* _What is needed_
Your answer must be an exact copy of the listing, with the images left out.

* _Provided material_
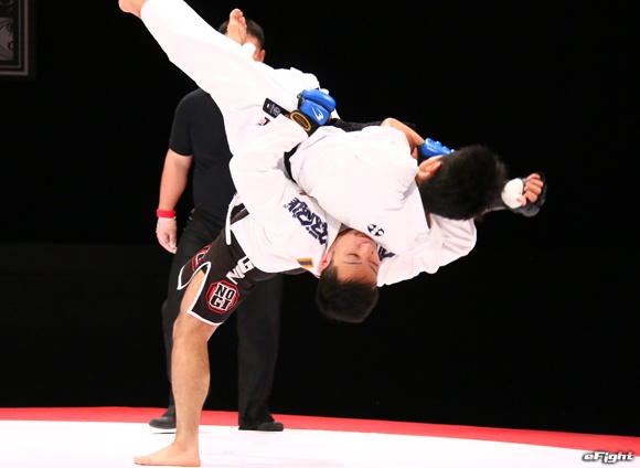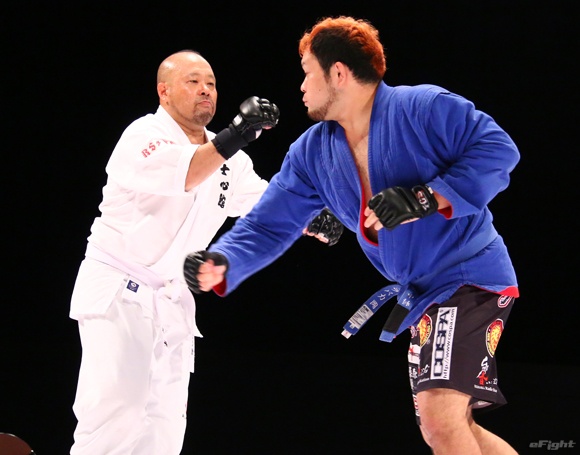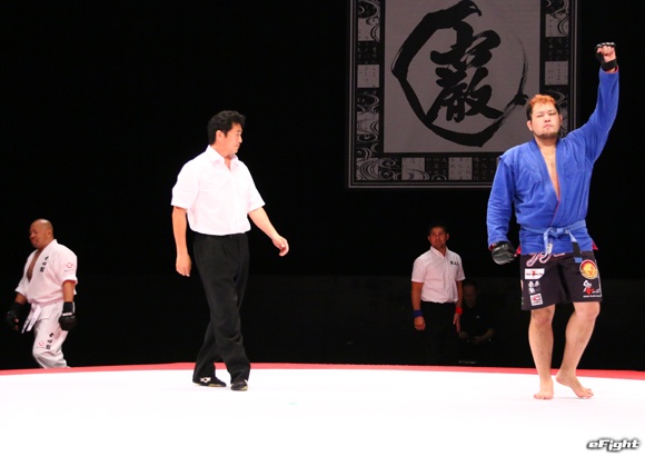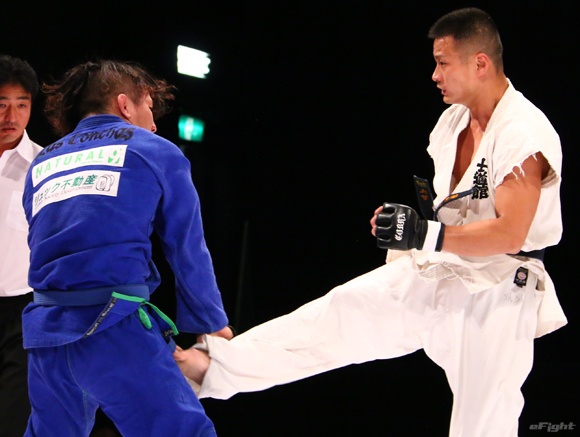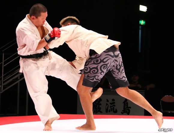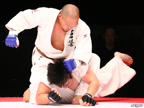 ▲3度場外への押し出しで一本勝ちした吉川(右)
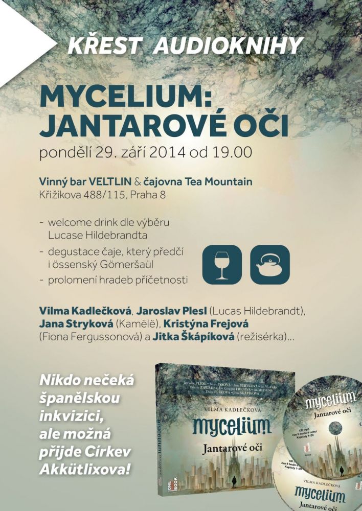 Zaujala vás velkolepá audio adaptace nejlepšího českého sci-fi románu loňského roku Mycelium: Jantarové oči v podání devíti pečlivě vybraných interpretů? V tom případě nesmíte propásnout její křest, který se uskuteční v pondělí 29. 9. od 19.00 ve vinném baru VELTLIN & čajovně Tea Mountain.
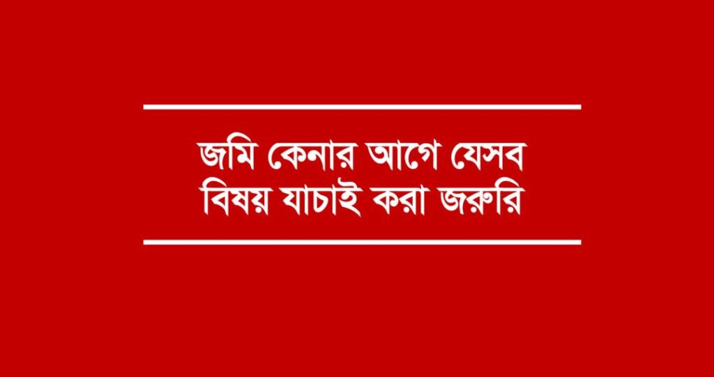 জমি কেনার আগে কিছু বিষয়ে সতর্কতা অবলম্বন করা খুবই জরুরি। তা নাহলে ভবিষ্যতে নানা সমস্যা তৈরি হতে পারে। মামলা মোকদ্দমাসহ জমি পর্যন্ত বেহাত হয়ে যেতে পারে। জমি কিনেও হতে পারেন প্রতারণার শিকার। তাই জমি কেনার আগে যে বিষয়গুলো অবশ্যই যাচাই করে নিতে হবে।
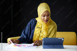 Muslim woman wearing a yellow hijab looking documents and tablet on the table

* _Solution to this problem_
 ▲3度場外への押し出しで一本勝ちした吉川(右)
 Zaujala vás velkolepá audio adaptace nejlepšího českého sci-fi románu loňského roku Mycelium: Jantarové oči v podání devíti pečlivě vybraných interpretů? V tom případě nesmíte propásnout její křest, který se uskuteční v pondělí 29. 9. od 19.00 ve vinném baru VELTLIN & čajovně Tea Mountain.
 জমি কেনার আগে কিছু বিষয়ে সতর্কতা অবলম্বন করা খুবই জরুরি। তা নাহলে ভবিষ্যতে নানা সমস্যা তৈরি হতে পারে। মামলা মোকদ্দমাসহ জমি পর্যন্ত বেহাত হয়ে যেতে পারে। জমি কিনেও হতে পারেন প্রতারণার শিকার। তাই জমি কেনার আগে যে বিষয়গুলো অবশ্যই যাচাই করে নিতে হবে।
 Muslim woman wearing a yellow hijab looking documents and tablet on the table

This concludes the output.